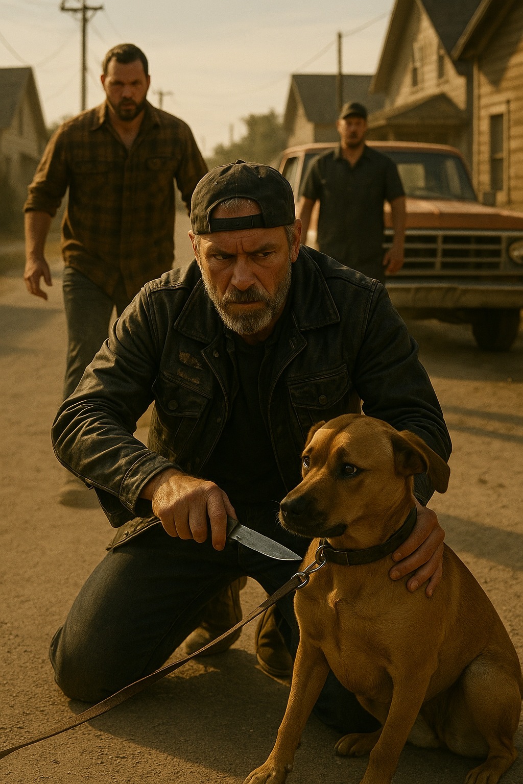 Než jsem stihl cokoliv udělat, už běžel k zadní části náklaďáku s nožem v ruce. Jeden jediný střih — a provaz spadl. Pes se zhroutil na zem, ztěžka dýchal. Motocyklista se sklonil a přikryl ho svým tělem, jako by byl připraven přijmout jakýkoliv útok. Řidič vystoupil a to, co se stalo, zanechalo všechny přítomné v naprostém šoku.
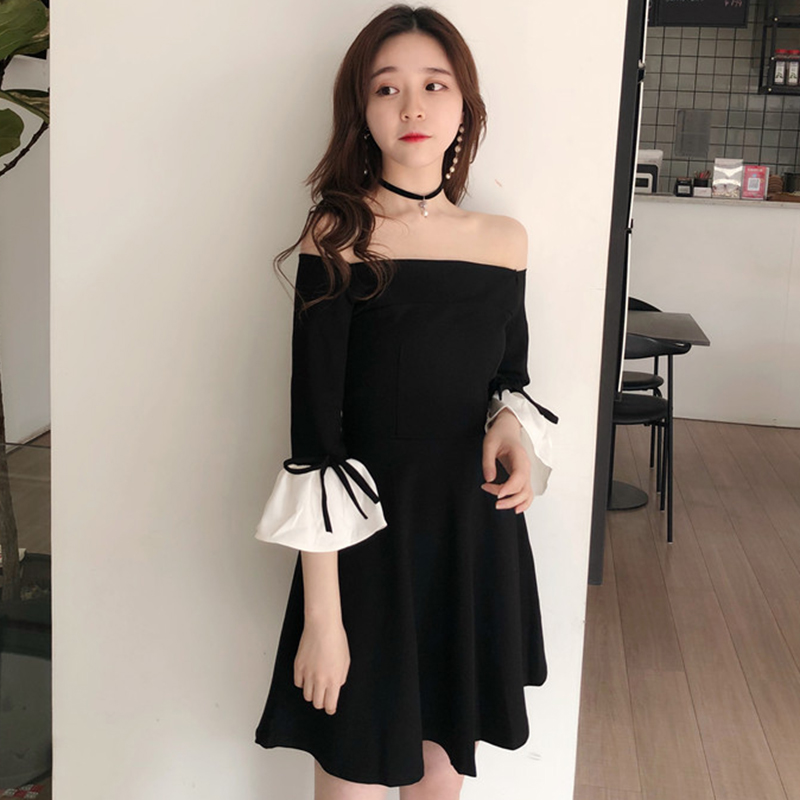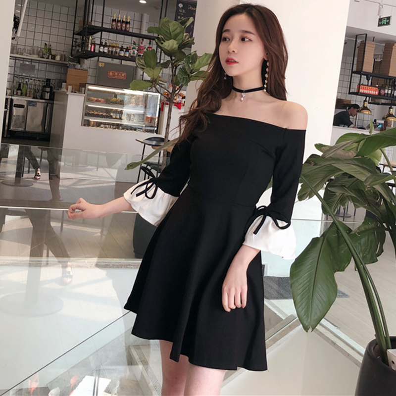 春季新款女裝韓版一字領露肩氣質黑白拼接喇叭袖學生A字連衣裙女
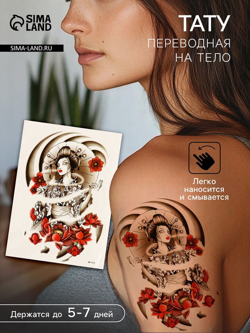 • Цена за 2 шт. Переводная тату на тело цветная Женщина Сакура, 26.1?14.6 см
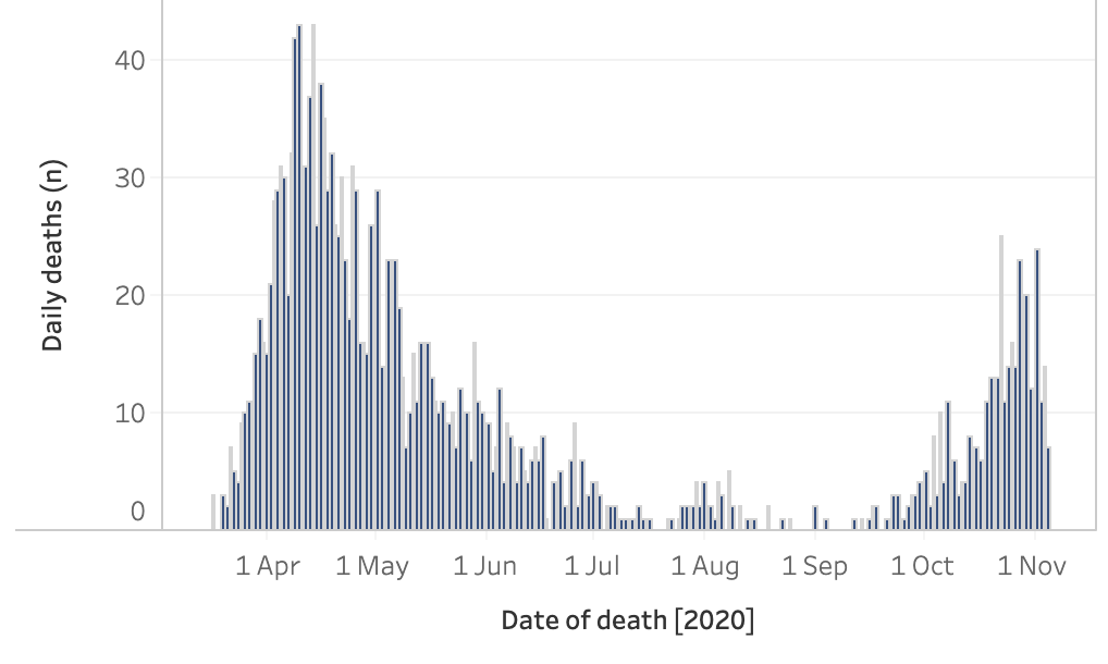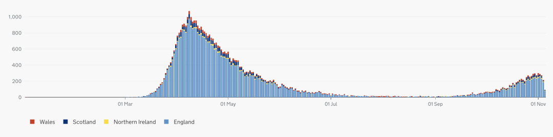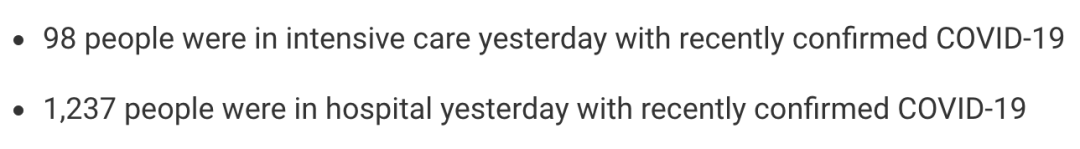 从3月5日以来,苏格兰地区一共有6,107名(+77)确诊患者出院。截至11月6日午夜,近期住院的疑似/确诊新冠患者共1,237名(-15),其中98名(+3)确诊新冠在重症监护室ICU。
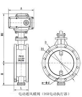 6、電動煙道蝶閥廠家外形及連接尺寸:
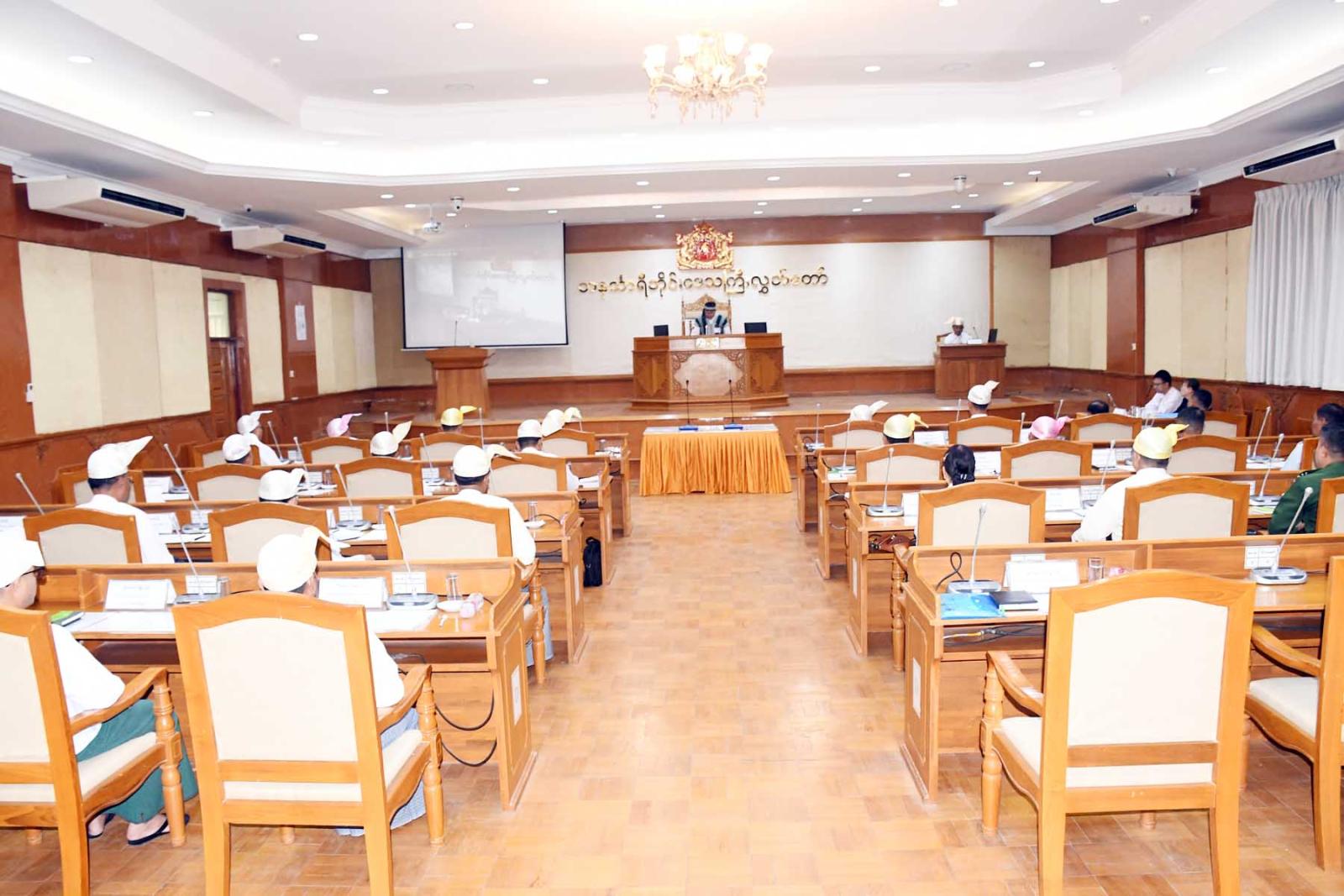 အစည်းအဝေးတွင် တိုင်းဒေသကြီးလွှတ်တော်ကိုယ်စားလှယ်များက ကရင်တိုင်းရင်းသား လူမျိုးလွှတ်တော်ကိုယ်စားလှယ် စောမာတင်လူသာအား သဘာပတိအဖြစ် တင်မြှောက်ခဲ့ကြပြီး လွှတ်တော်တွင် သဘာပတိက နှုတ်ခွန်းဆက်စကား ပြောကြားသည်။
____________________
### Instructions to follow
None of the pictures should be carried over when the data above is transcribed exactly.

### Result of this task
 Než jsem stihl cokoliv udělat, už běžel k zadní části náklaďáku s nožem v ruce. Jeden jediný střih — a provaz spadl. Pes se zhroutil na zem, ztěžka dýchal. Motocyklista se sklonil a přikryl ho svým tělem, jako by byl připraven přijmout jakýkoliv útok. Řidič vystoupil a to, co se stalo, zanechalo všechny přítomné v naprostém šoku.
 春季新款女裝韓版一字領露肩氣質黑白拼接喇叭袖學生A字連衣裙女
 • Цена за 2 шт. Переводная тату на тело цветная Женщина Сакура, 26.1?14.6 см
 从3月5日以来,苏格兰地区一共有6,107名(+77)确诊患者出院。截至11月6日午夜,近期住院的疑似/确诊新冠患者共1,237名(-15),其中98名(+3)确诊新冠在重症监护室ICU。
 6、電動煙道蝶閥廠家外形及連接尺寸:
 အစည်းအဝေးတွင် တိုင်းဒေသကြီးလွှတ်တော်ကိုယ်စားလှယ်များက ကရင်တိုင်းရင်းသား လူမျိုးလွှတ်တော်ကိုယ်စားလှယ် စောမာတင်လူသာအား သဘာပတိအဖြစ် တင်မြှောက်ခဲ့ကြပြီး လွှတ်တော်တွင် သဘာပတိက နှုတ်ခွန်းဆက်စကား ပြောကြားသည်။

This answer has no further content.